How many people would take the deal if the AI credibly presented as championing their cause of choice, or some generally good one? That many more, I’d predict.
Paths Forward
I do think the format of a threaded Twitter poll proved useful, a good point on the tradeoff between costs and benefits. I tried a second one, which got far less votes but still was enlightening, and I intend to do more in the future, and at some point to do polls that let me run correlations and such.
The samples involved are obviously quite unique and biased. I would never claim they tell us much about the views of the average person in absolute terms. I do think they tell us a lot about relative beliefs, and about where the load bearing, cruxes and true objections lie.
So how to go about changing people’s minds on such issues? It seems vital to narrow the range in which one must play the game of whack-a-mole, so one can focus on the real and important questions and uncertainties rather than people’s derailing rationalizations for false hope.
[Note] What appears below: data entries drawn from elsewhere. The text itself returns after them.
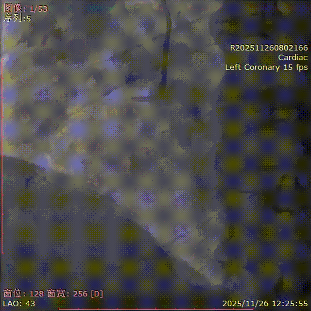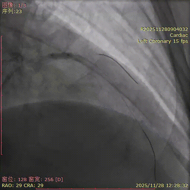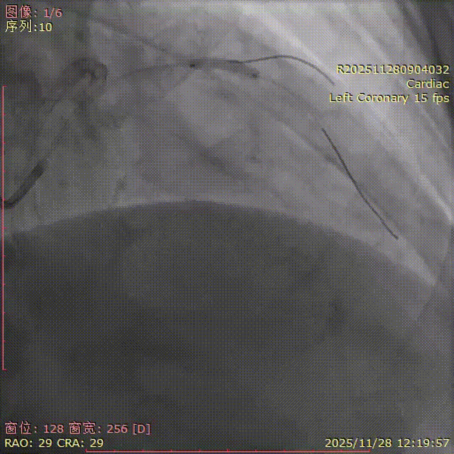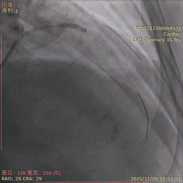 患者因前降支重度狭窄伴重度钙化于11月26日首次介入治疗,术中虽予切割球囊及高压后扩球囊处理,但效果欠佳。本次治疗经与家属充分沟通后,选用TomaHawk®血管内冲击波系统,采用声压力波有针对性地作用于冠状动脉内膜及中膜下的钙化病灶,在不影响血管内膜完整性的情况下,有效地震松或震裂钙化病灶,恢复血管顺应性,显著改善前次支架膨胀不良现象,为后续支架的植入提供更理想的管腔。
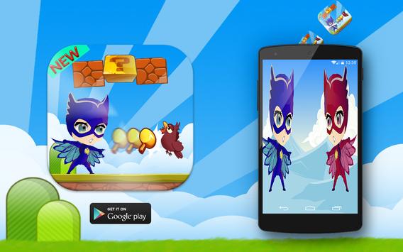super kids masks world adventure game is an epic game to play. Come help Pj-Mask to pass all levels by collecting coins/superpowers and avoiding obstacles , it is a very fun and addictive mini arcade / adventure game .avoid falling bricks and fight against perhistoric enemies.
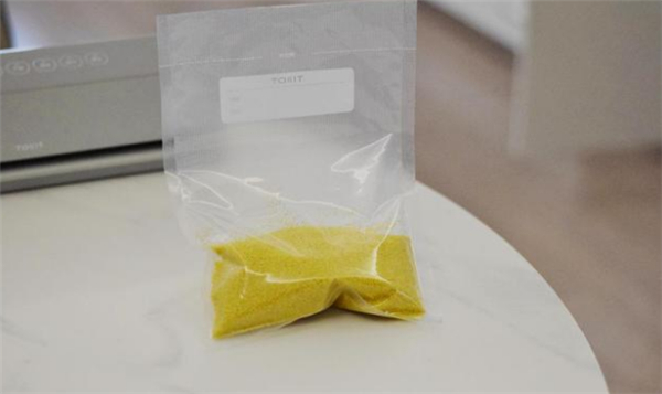 这个就是抽真空后的小米,是不是感觉和商场里卖的小米差不多了,这样不仅可以长时间保存,同时也比较好放置,当然如果你想每次使用很少,其实也可以买那种小袋子,做一次小米粥就导入到电饭煲一袋,这个看大家需求。
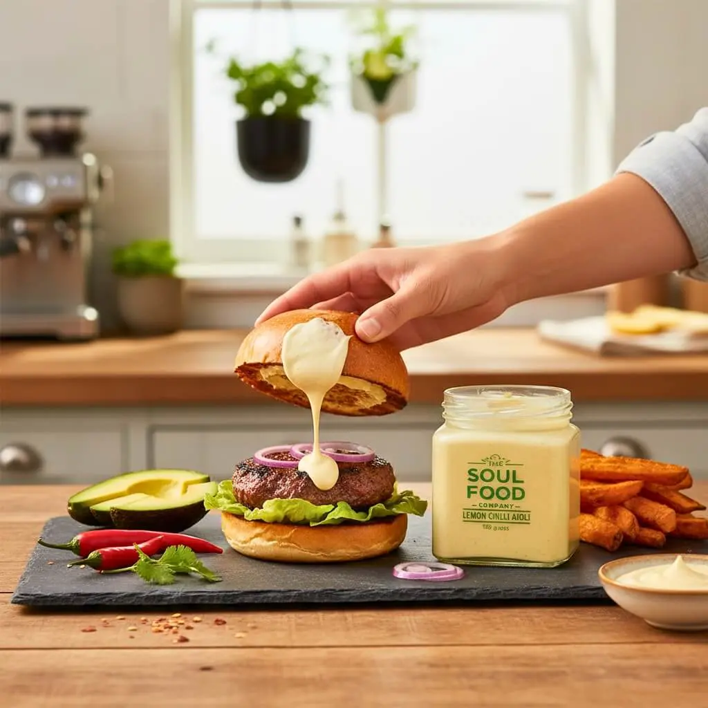 This lemon aioli blends zesty lemon juice with creamy mayonnaise and the subtle heat of Soul Food chilli oil. It’s light, smooth, and bold—perfect for anyone who loves flavor with a little personality.
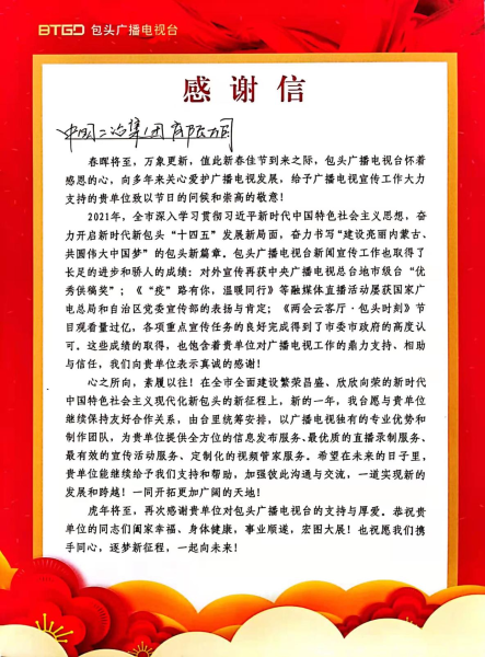 近日,中國二冶收到包頭廣播電視臺感謝信,信中對中國二冶多年來關(guān)心愛護(hù)包頭廣播電視發(fā)展,給予包頭廣播電視宣傳工作大力支持表示感謝,對中國二冶在2022年包頭廣播電視臺春節(jié)聯(lián)歡晚會中文化賦能、品牌推介和全程助力表示崇高的敬意。
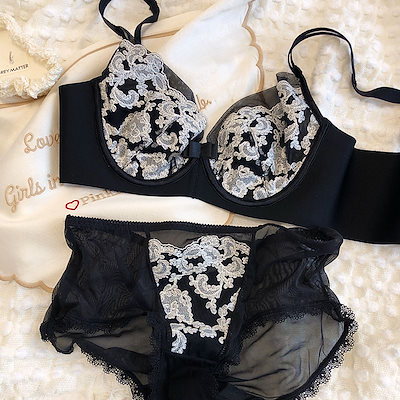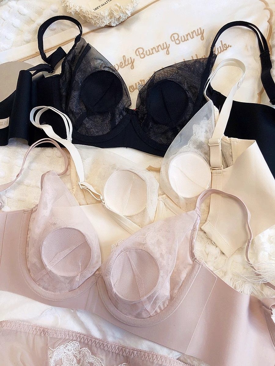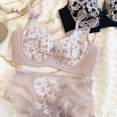 シームレスブラ セクシー 刺繍 レース 大きな胸が小さく見える ギャザー 調節ブラセット ノンワイヤーブラ

The core idea that many people are increasingly emphasizing is that humans rule Earth because humans are the most intelligent entities on the planet, the things with the most optimization pressure, the best capabilities, the best ability to navigate paths through causal space. When that changes, and it will unless we stop that change, soon it will no longer be humans in control of the future. Either we find a way to make that acceptable, and a way to stay alive after it happens, or we don’t.
It does seem like this is the best generic first step?
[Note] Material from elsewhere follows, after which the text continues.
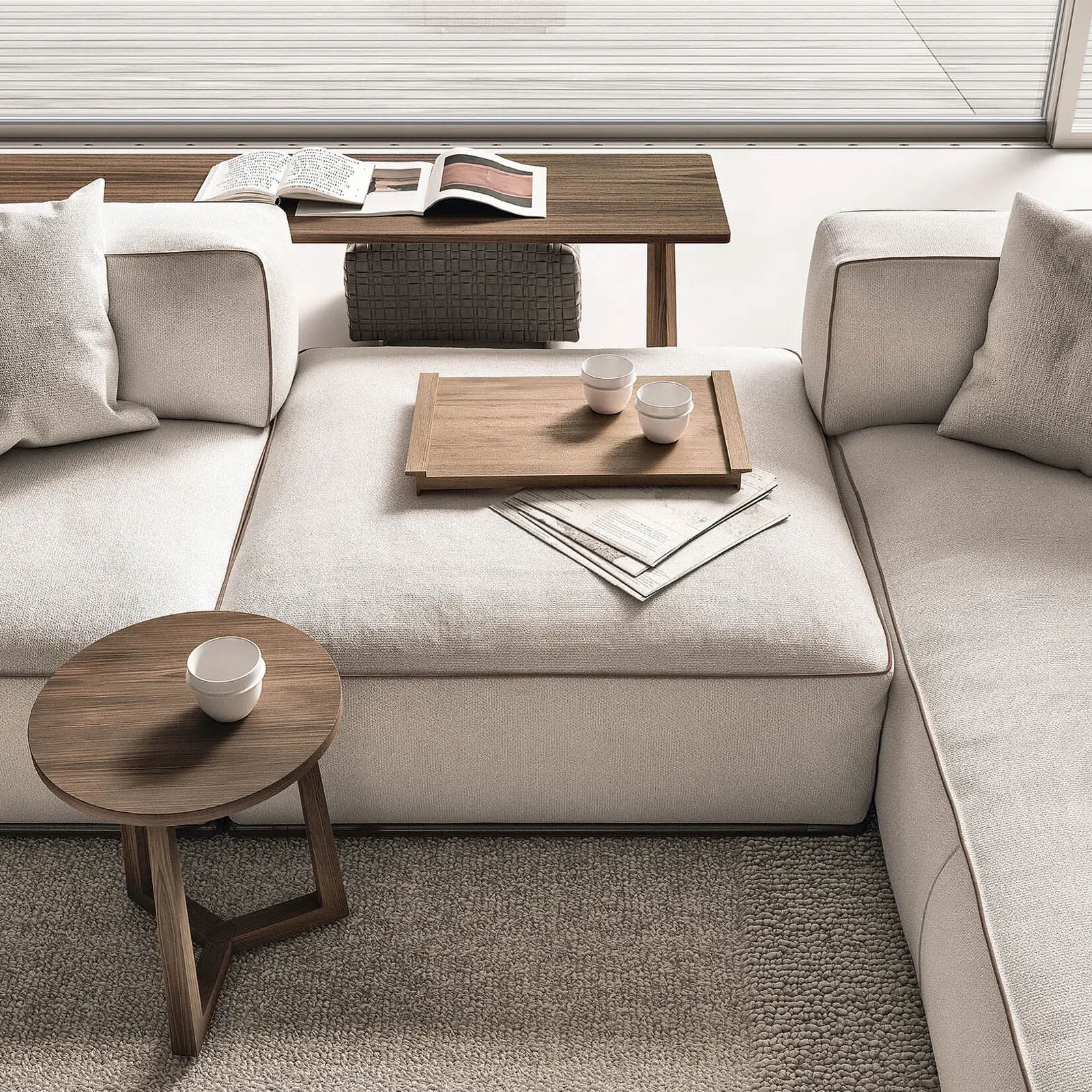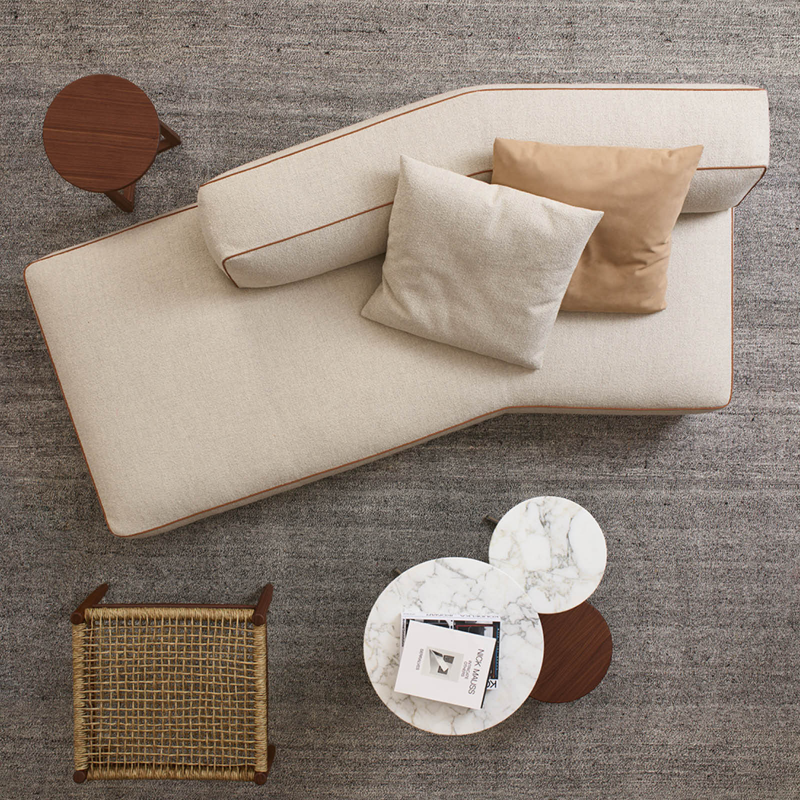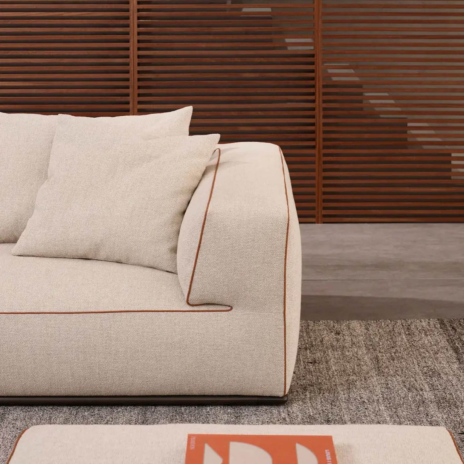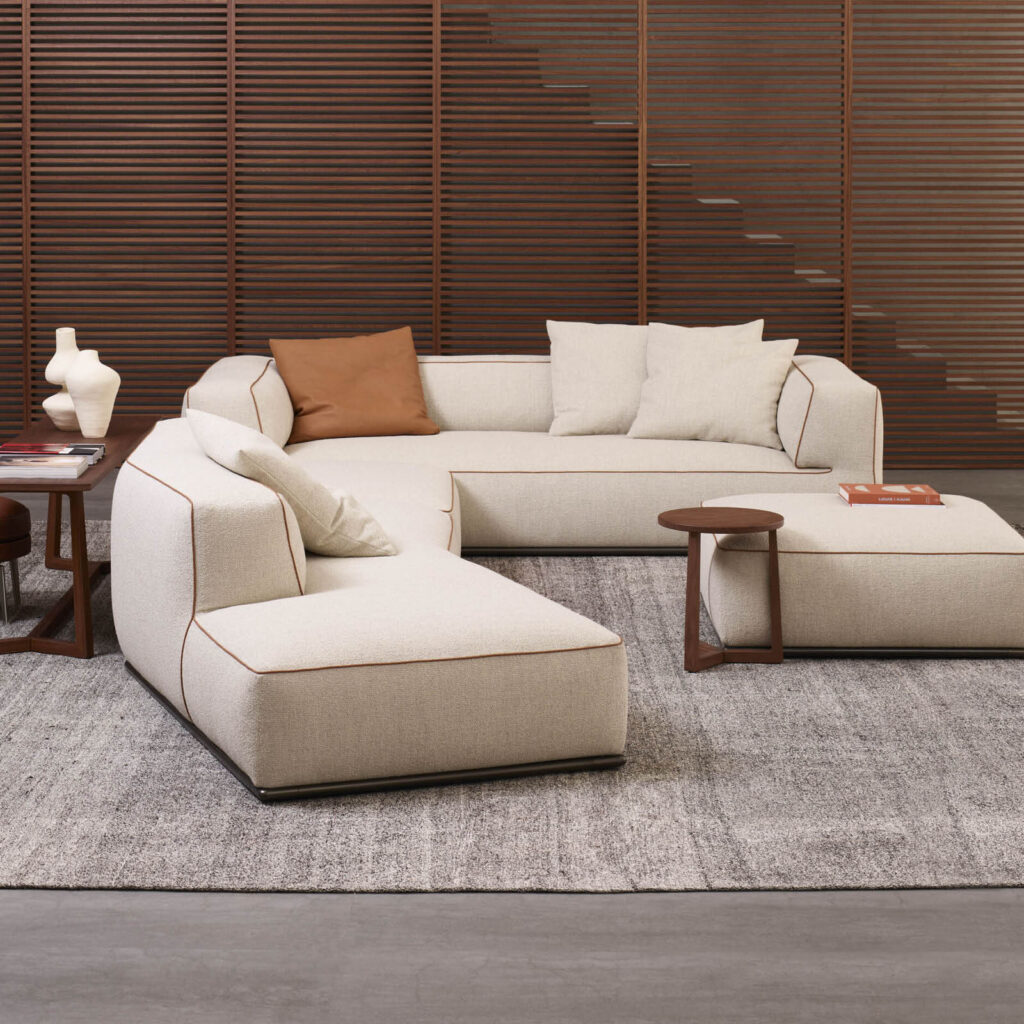 El sofá Perry permite sustituir el apoyabrazos tradicional por un exclusivo elemento contenedor fabricado en cuero, que permite guardar todo tipo de objetos aportando funcionalidad a la colección. La variedad amplia de módulos disponibles, que incluye elementos de asiento lineales, asimétricos, esquineros, pufs, chaiselongues, contenedores de cuero y mesas de centro de madera, permite crear una gran cantidad de configuraciones.

Hopefully this exercise and thought experiment proved enlightening or useful.
Fully Optional Re-Poll Since Why Not
After all that, it makes sense to redo a condensed version of the original poll, fully optional.
I tried to form a more detailed ‘what is your crux?’ question and couldn’t find good choices. So instead the Substack version of this post will have a parent comment to reply to for that - if you have a particular question whose answer would change your mind, reply to that if it hasn’t been said yet, if it has then like the comment that includes your crux.
This is the parent comment for cruxes. If you can identify something that, if you changed your mind about that question, would change your mind about the whole scenario, then reply with it here - or if it's already here, like the existing comment (and refrain from liking comments here for any other reason).
I really enjoy your articles, you think very deeply about your subject. However I’ve noticed a trend in AI discourse in general where “intelligence” is treated as a superpower, that magically allows you to skip all the difficult, experimental steps of, for example, building a nanotech super weapon. It seems to me that a superintelligent AI will have much the same problem as I have when trying to make anything really novel work - the world has a lot of confounding factors and it’s almost impossible to get something really new right on the first try. I can’t remember how many times my experiments on things that I KNEW worked were foiled by a loose screw, or a slightly magnetic screw, or a cable touching another cable when it wasn’t supposed to, or any other un-simulate-able problem. The AI takeover scenario postulated here has so. many. steps like this.